The 10 largest financing deals amounted to $8 billion, on par with 2020’s total but behind the $10.9 billion lent in 2019 on the 10 biggest projects.
The five largest loans of 2021 totaled $7.2 billion.
The nation’s largest office-to-residential conversion made the list, as did a 1,000-foot skyscraper rising on Fifth Avenue. SL Green kept plugging away on a 1.4 million-square-foot office building in Flatiron and private equity giant Carlyle Group was making moves in Brooklyn’s multifamily market.
Here are more details.
Mini storage, maxi loan | $2.15B
A Missouri-based self-storage company saw enough opportunity in Manhattan’s tiny living quarters to buy Edison Properties’ Manhattan Mini Storage for $3 billion, financing the deal with $2.15 billion from the real estate divisions of Citibank and Barclays. Jerry Gottesman, the founder of Edison Properties, died in 2017.
Public-private | $1.35B
Property managers, developers and construction companies including Wavecrest Management, L+M Development Partners and Hudson Companies received $1.35 billion to update New York City public housing.
The loans will pay for repairs, upgrades and private management for 5,200 NYCHA apartments in Williamsburg and East New York, Brooklyn. Tenant rents will remain capped at 30 percent of household income under the agreement, which relies on switching the developments to a more reliable federal rent subsidy.
Sweet Joe Chetrit | $714M
One of real estate’s most intriguing characters https://therealdeal.com/issues_articles/the-man-from-morocco/ fetched debt from the CMBS market to refinance and renovate the Yorkshire and Lexington Towers, two luxury rental buildings on the Upper East Side.
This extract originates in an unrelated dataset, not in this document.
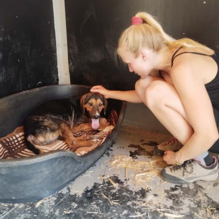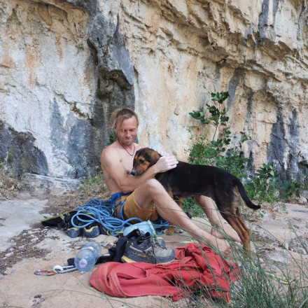und sich an Animal Soulmates für eine Rettung wandten. Hildi wurde bis zu ihrer Abholung von den Beiden über einige Tage versorgt und entwickelte sich zu einem richtigen "Crag-Dog" & begleitete die beiden oft zum Klettern am Fels. Hildi kam dann zum Shelter, wurde aufgepeppelt und hat mittlerweile sogar schon ein tolles "Für-Immer-Zuhause" gefunden. Doch die Erinnerung an sie und zu unserem Verein blieb bei den beiden Kletterbegeisterten tief im Herzen.

Bank of Montreal, Starwood Mortgage Capital and Citi Real Estate Funding issued the loans, which investors purchased as securitized bonds. The loan included mezzanine debt — secured by equity in the borrower rather than by the property — of $174.5 million.
Square deal | $590M
The 44-story former Bertelsmann Building, an early Bruce Eichner development at 1540 Broadway in Times Square, received $590 million to refinance its office space from Apollo Global Management, Michael Dell’s MSD Partners and Monarch Alternative Capital. Edge Fund Advisors and HSBC own the building’s offices (and Vornado, its retail).
One for all | $575M
The owners of One Madison Avenue, a 1.4 million-square-foot office redevelopment in Flatiron, secured $575 million in construction financing from Wells Fargo, which has originated $1 billion in loans for the project since 2020. A joint venture partnership of SL Green Realty, Hines and the National Pension Service of Korea is spending about $2.3 billion on the project.
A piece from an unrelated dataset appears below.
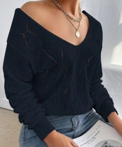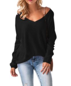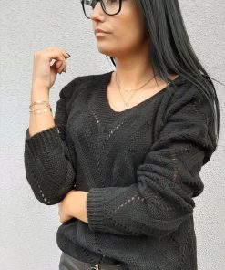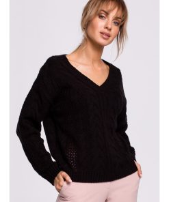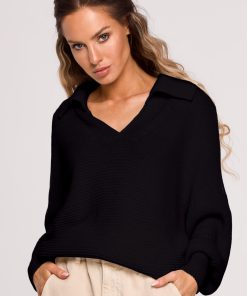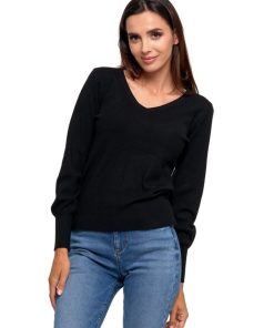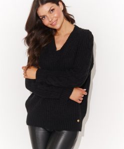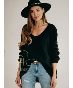 Czarny Sweter W Serek

Fisher catches refi | $575M
Fisher Brothers refinanced Park Avenue Plaza, a 1.2 million-square-foot office building at 55 East 52nd Street in Midtown, with $575 million from Morgan Stanley. The lender also replaced BlackRock as a tenant, taking 400,000 square feet in the building. The debt was sold to investors as commercial mortgage-backed securities.
Fifth Ave fixture | $540M
Rabina wrangled $540 million from Bank OZK and the Carlyle Group to build a 1,000-foot skyscraper at 520 Fifth Avenue between 42nd and 43rd streets. The 450,00-square-foot building will include retail, offices and 98 apartments. It will be the second-tallest building on Fifth Avenue, after the Empire State Building. KPF is the architect.
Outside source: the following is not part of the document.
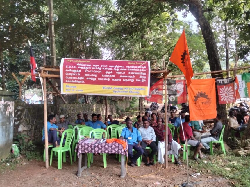 மத்திய அரசு திட்டமான தொழிலாளர் காப்பீடு திட்டமான இஎஸ்ஐ மருத்துவ திட்டத்தை அரசு ரப்பர் கழகத்தில் பணி புரியும் தொழிலாளிகளுக்கு வழங்கிட கேட்டு நீண்ட நாள் கோரிக்கையாக வைத்த பிறகும் தொழிலாளிகள் நலனில் அக்கறை காட்டாமல், இ எஸ் ஐ எனும் மருத்துவ திட்டத்தை தொழிலாளர்களுக்கு வழங்காமல் தொழிலாளர்களுக்கு எதிராக செயல்படும் அரசு ரப்பர் கழக அதிகாரிகள் மீது உரிய விசாரணை செய்து நடவடிக்கை எடுக்க கோரி 25-ம் தேதி ஒரு நாள் அடையாள வேலை நிறுத்தத்துடன் உண்ணாவிரத போராட்டம் நடத்தினோம், அதனை தொடர்ந்து 26 ஆம் தேதி முதல் கோரிக்கை நிறைவேறும் வரை தினந்தோறும் இரண்டு பேர் வீதம் தொடர் உண்ணாவிரத போராட்டத்தில் ஈடுபட்டு வருகிறோம். ஆனால் இந்த உண்ணாவிரத போராட்டமானது நான்கு நாட்களாக தொடர் உண்ணாவிரத போராட்டமாக நடைபெற்றும் மாவட்ட நிர்வாகம் தரப்பிலோ, அரசு ரப்பர் கழக நிர்வாகம் தரப்பிலோ இதுவரை பேச்சுவார்த்தை நடத்தப்படாமல் காலம் தாழ்த்தி வருகிறது. இதை பார்க்கும் போது தொழிலாளிகள் நிர்வாகத்தால் தொடர்ந்து நசுக்கப்படுவதாகவே தெரிகிறது. எனவே எங்களுடைய உண்ணாவிரத போராட்டத்தை தீவிரப்படுத்தி தினந்தோறும் பத்துக்கும் மேற்பட்ட நபர்கள் கலந்து கொண்டு   உண்ணாவிரத போராட்டம் நடத்த இருக்கிறோம். சாதாரணமாக அரசு தொழிலாளிகளுக்காக வழங்கி வரும் அடிப்படை தேவையான இ எஸ் ஐ மருத்துவ காப்பீட்டை அரசு ரப்பர் கழகத்தில் பணி புரியும் தொழிலாளிகளுக்கு மட்டும் வழங்க மறுக்கும் காரணம் மர்மமாக உள்ளது.

Conversion of interests | $536M
Michael Dell’s MSD Partners and Apollo Global Management funded the nation’s largest office-to-residential conversion, at 25 Water Street in the Financial District, to the tune of $536 million. The developers — Jeffrey Gural’s GFP Real Estate, Metro Loft Management and Rockwood Capital — plan to convert the 1-million-square-foot building into 1,200 rental units.
Clever Carlyle | $500M
After private equity behemoth Carlyle Group bought more than three dozen small multifamily properties in Brooklyn and Queens, it secured a loan of up to $500 million from Invesco Real Estate. The properties, classified as 2A/2B because they have no more than 10 units and are mostly free-market, have limited tax exposure and are not hamstrung by New York state’s 2019 rent-stabilization law.
Goliath & Goliath | $438M
Brookfield Properties received $438 million from Apollo Global Management to build a 921-unit residential building in Mott Haven, a South Bronx development hotbed. The project, at 101 Lincoln Avenue, is part of a larger development by Brookfield that will yield more than 1,350 apartments across 4.3 acres. Some 30 percent will be affordable.